We had to maintain a course due east in order to find the nameless lake we were seeking. Aided by the setting sun, I navigated with my brass surveyor's compass. Meanwhile, Brent followed behind, blazing the straggly trees to mark a crude trail. The blazes were critical for when the time came to undertake the actual portage—the backbreaking labour of carrying our heavy backpacks, food barrels, and finally the canoe through the forest. I knew all too well that when struggling under heavy loads, swarmed by hordes of biting insects, staggering through at turns thick brush and open swamp, battling both physical and mental fatigue, only a few missteps would be sufficient to make us lose our way. For that reason, large blazes were essential.

“Remember, Brent, blaze the trees front and back. We have to be able to see them from both directions,” I said, wiping sweat from my brow.

As we plunged onward, Brent began to tire—though more from lack of enthusiasm than physical exhaustion. His blaze marks were feeble and indistinct—we would never be able to spot
them.
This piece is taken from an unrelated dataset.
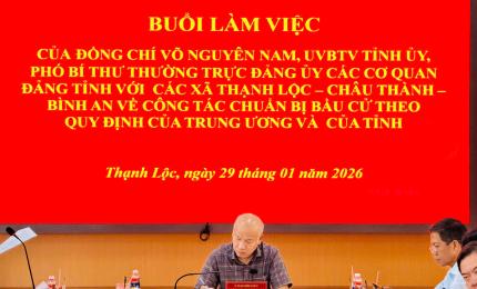 Đồng chí Võ Nguyên Nam, Ủy viên Ban Thường vụ Tỉnh ủy Phó Bí thư Thường trực Đảng ủy các cơ quan Đảng tỉnh, đã có buổi làm việc với các xã Châu Thành, Bình An và Thạnh Lộc về công tác chuẩn bị bầu cử đại biểu Quốc hội khóa XVI và đại biểu HĐND các cấp

Despite my gentle cautioning that he needed to make them bigger, Brent kept up with his timid hatchet strokes. Reluctantly, I took over with the hatchet, hacking four inch slices of bark off the tamaracks and spruces while still navigating with the compass. Navigating in the monotonous woods demanded considerable concentration, but I found myself having to multitask still further given the low state of Brent's morale. It was essential to keep his spirits high so that he would stay engaged in the journey—to that end, while swatting flies, hacking trees, and orienting with the compass, I kept up a cheerful banter on Brent's favourite subjects, trying to buoy his spirits. For a while it seemed as if we were making fine progress; we were on schedule, and the terrain wasn't as difficult as it had been in the Again River watershed. But as I continued to trudge along, slicing at the trees, I no longer heard Brent behind me. I turned around, and he was nowhere in sight.

“Brent? Where are you?” There was no reply. I retraced my steps and came upon Brent standing statue-like behind a cluster of black spruces, a dumbstruck expression on his face.

“What's wrong?”

Brent snapped out of his reverie and looked at me. “Adam,” he said slowly and with emphasis, “this is totally insane. There is no way in hell we can portage through this.”

I tried to laugh it off. “Of course we can. It's not that difficult. Wes and I have done worse.”

“There is no way we can carry the canoe through this. Just portaging around the gorge was hard enough. Doing this would be
impossible
.”

“Everyone feels like that at the start of any big expedition. It's natural. It takes a while to get used to the routine. Once you
get broken in, you'll find it much easier,” I said, trying to hide my exasperation.